Discover the answers you need at Westonci.ca, a dynamic Q&A platform where knowledge is shared freely by a community of experts. Get detailed answers to your questions from a community of experts dedicated to providing accurate information. Experience the ease of finding precise answers to your questions from a knowledgeable community of experts.
Sagot :
We know that the heat that escapes the copper metal is equal to the heat that is added to the water bath.
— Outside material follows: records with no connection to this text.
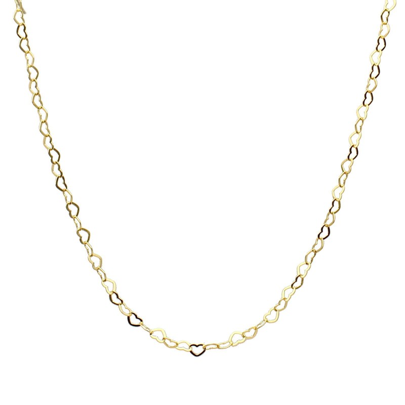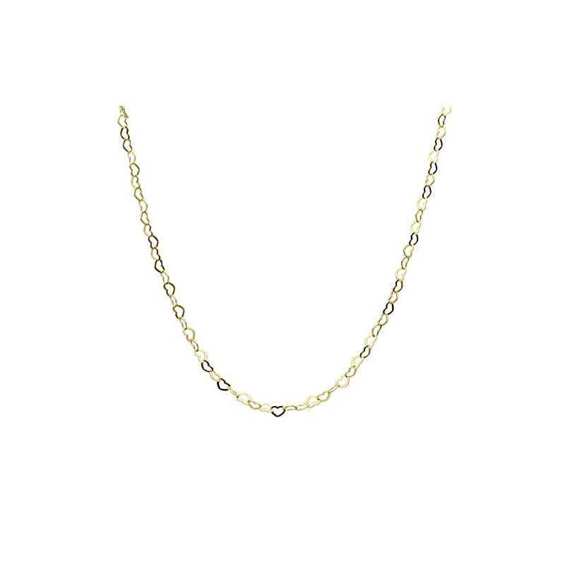 18k Gold-Flashed Flat Heart Sterling Silver Nickel Free Chain Necklace Italy 16"
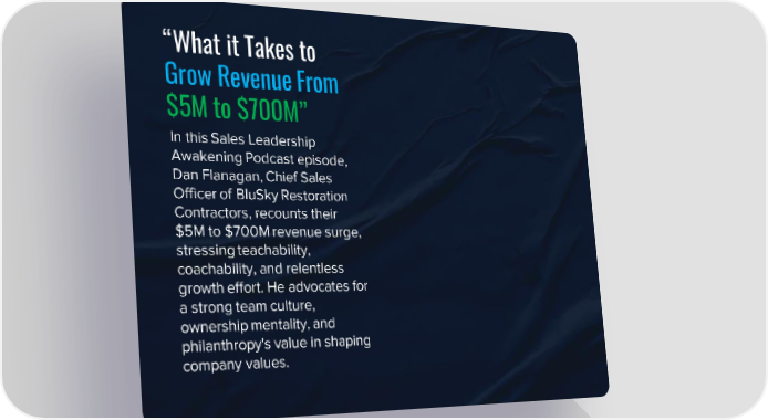 “What it Takes to Grow Revenue From $5M to $700M” In this Sales Leadership Awakening Podcast episode, Dan Flanagan, Chief Sales Officer of BluSkyRestoration Contractors, recounts their $5M to $700M revenue surge, stressing teachability, coachability, and relentless growth effort. He advocates for a strong team culture, ownership mentality, and philanthropy's value in shaping company values.
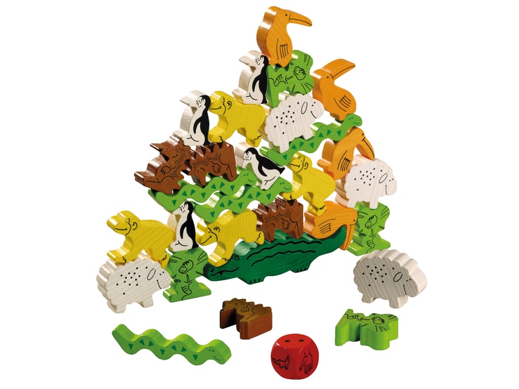 Les joueurs essaient d’empiler tous leurs animaux sur la pyramide dont le crocodile est la base.
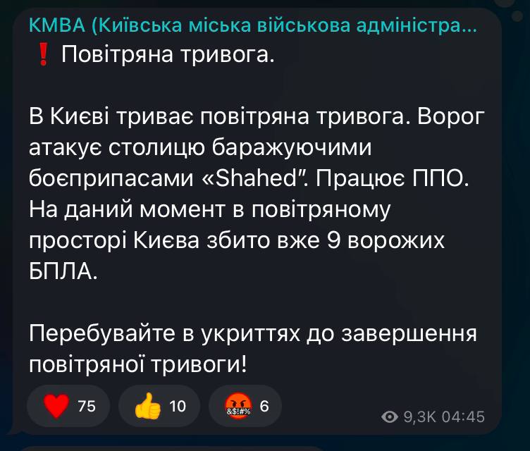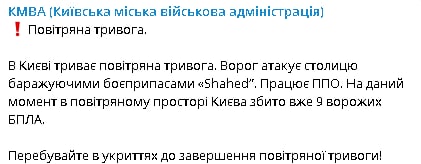 Air raid alert continues in Kyiv. The enemy is attacking the capital with Shahed barrage munitions. Air defense is working. At the moment 9 enemy UAVs have been shot down in Kyiv airspace.
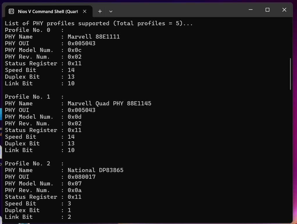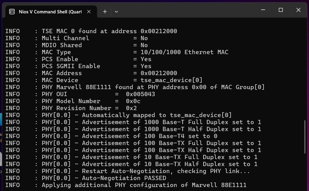 This design demonstrates an IPerf application on a Nios® V/m processor using the Triple Speed Ethernet IP in Agilex™ 7 FPGA F-Series Transceiver-SoC Development Kit (P-Tile and E-Tile). The Triple Speed Ethernet (TSE) IP is configured in SGMII mode and connects to the onboard 80E1111 PHY via SGMII interface. To complement the TSE IP, two Modular Scatter-Gather DMA (MSGDMA) IP with Descriptor Memory to offload Ethernet data transfer tasks from the processor.
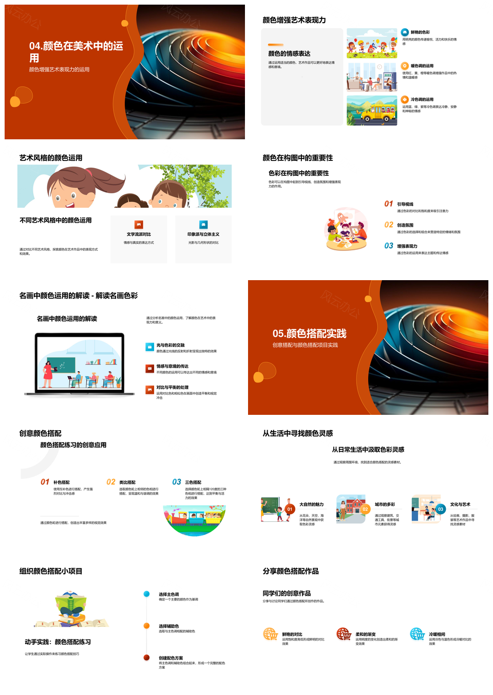 这是一张颜色轮基础搭配与美术色彩理论艺术表现力PPT模板,包含颜色轮、基础搭配、美术色彩理论、艺术表现力等主题内容,也可用作颜色轮基础搭配理论、颜色轮基础美术色彩、基础搭配美术色彩理论、美术色彩理论艺术表现力、颜色轮搭配美术色彩理论、颜色轮基础搭配、基础搭配美术色彩、搭配美术色彩理论、美术色彩艺术表现力、色彩理论艺术表现力、颜色轮美术色彩、美术色彩理论、基础搭配理论、色彩理论艺术、艺术表现力等PPT场景使用。 风云办公提供的颜色轮基础搭配与美术色彩理论艺术表现力PPT模板,下载格式为pptx,一共28页,作品中文字及图均可以修改和编辑,图片更改请在作品中右键图片并更换,文字修改请直接点击文字进行修改。
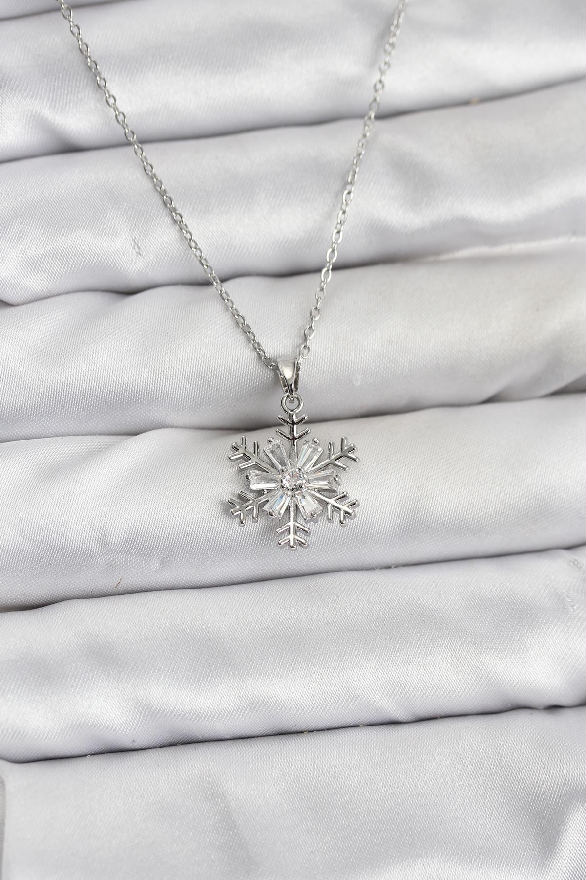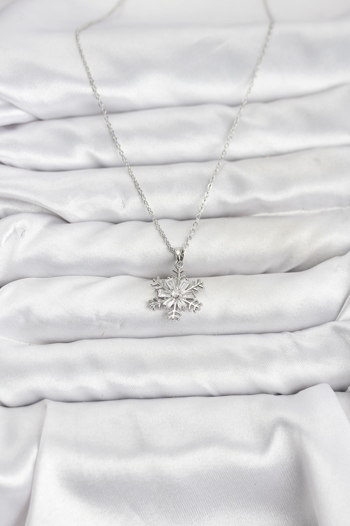 316L Çelik Zincir Gümüş Renk Kar Tanesi Model Zirkon Taşlı Kadın Kolye

Thus we can use the MC∆T formula to solve for the final temperature
We need to set up the formula for both the change in temperature of the copper as well as the water
thus
Mass(Cu) * Specific Heat capacity(Cu) * (Final temp - initial temp)(Cu) =
Mass(H2O) * Specific Heat of Water(H2O) * (Final - initial temp)(H2O)
Now we can substitute the given info.
specific heat of copper = 0.386 and water is 4.184
10.35g * 0.386 * (x - 85.5) = 23.6g * 4.184 * (x - 18.3)
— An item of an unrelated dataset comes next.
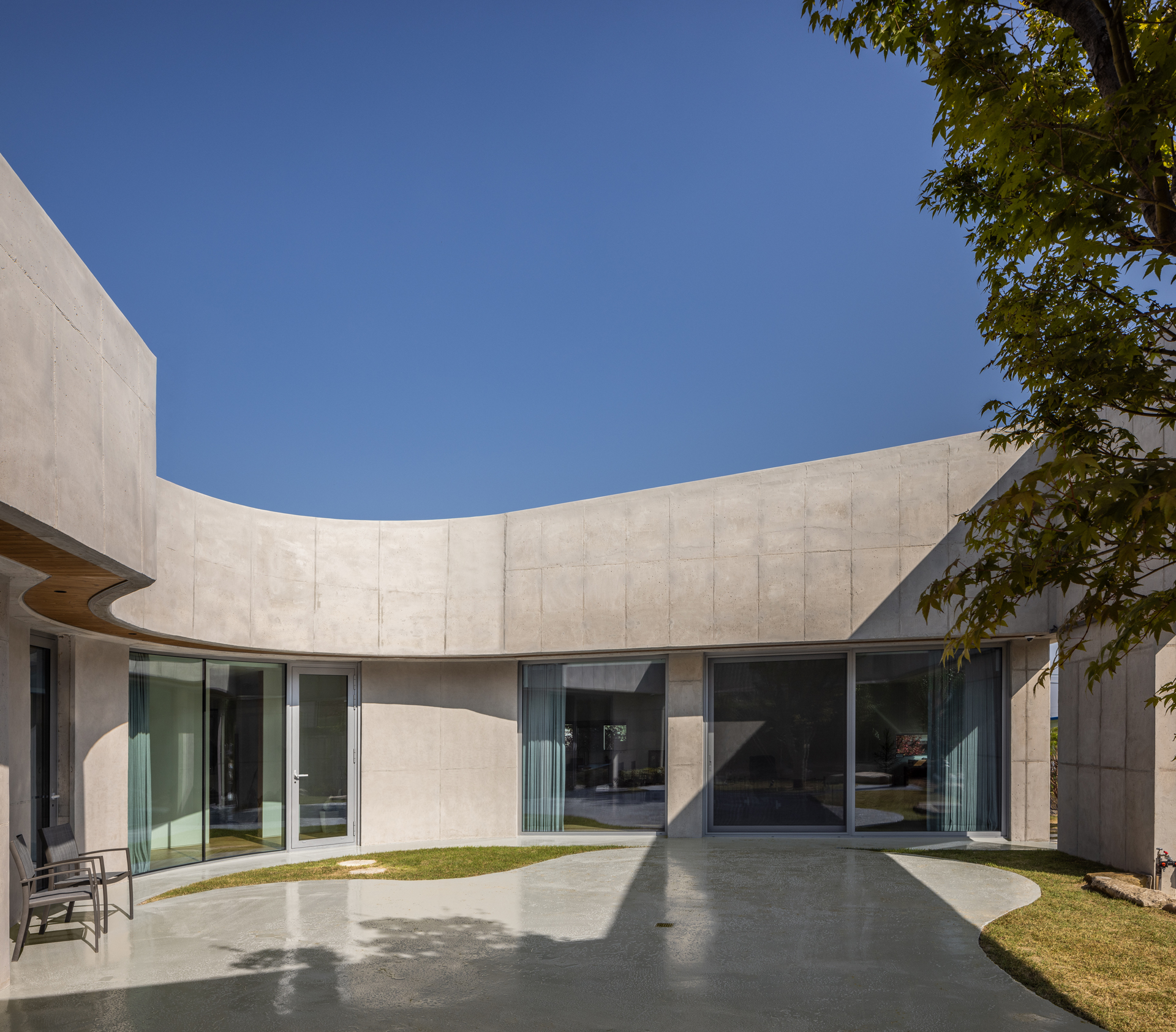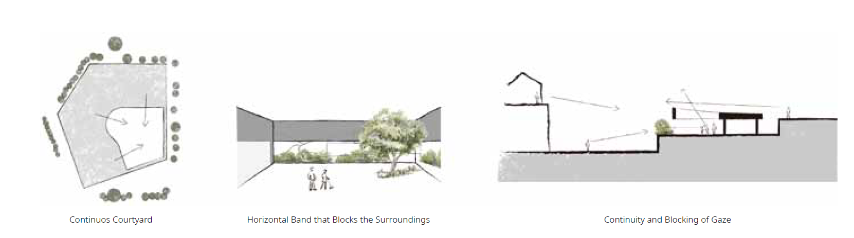 마당을 중심으로 복도와 거실, 안방을 배치하여 마당을 감싸 안은 집을 계획하였다. 서측의 높은 인접 대지에서는 지붕이 낮게 깔려 있고, 동측의 낮은 인접 대지에서는 건물의 매스감이 보이도록 하였다. 그리고 마당을 좀 더 사적화 하면서, 남동쪽의 단독주택으로부터 시선을 차단하기 위해 수평의 떠 있는 띠를 만들었다. 이를 통해 마당은 좀 더 아늑하면서 사람의 시선에서는 땅의 연속성을 유지하여 답답하지 않은 형태를 가지도록 하였다. 그리고 마당의 면적을 좀 더 키우면서 각 실의 독립성을 확보하기 위해 ‘벌린 ㄷ자’ 형태의 평면을 계획하고, 마당의 수평 띠까지 오각형의 형태로 계획하였다. 세 개의 변 중 하나는 거실과 부엌의 공공 공간으로, 다른 한 변은 안방과 게스트룸으로, 마지막 한 변은 현관과 화장실을 이루는 공용 공간으로 구성하였다. 이때 각 변은 모두 마당을 감싸 안은 형태다.

Now You just need to solve for X. Also remember to take the absolute value of the left side as it will become negative but really the change in heat or ∆H is equal
Thus we can use the MC∆T formula to solve for the final temperature
We need to set up the formula for both the change in temperature of the copper as well as the water
thus
Mass(Cu) * Specific Heat capacity(Cu) * (Final temp - initial temp)(Cu) =
Mass(H2O) * Specific Heat of Water(H2O) * (Final - initial temp)(H2O)
Now we can substitute the given info.
specific heat of copper = 0.386 and water is 4.184
10.35g * 0.386 * (x - 85.5) = 23.6g * 4.184 * (x - 18.3)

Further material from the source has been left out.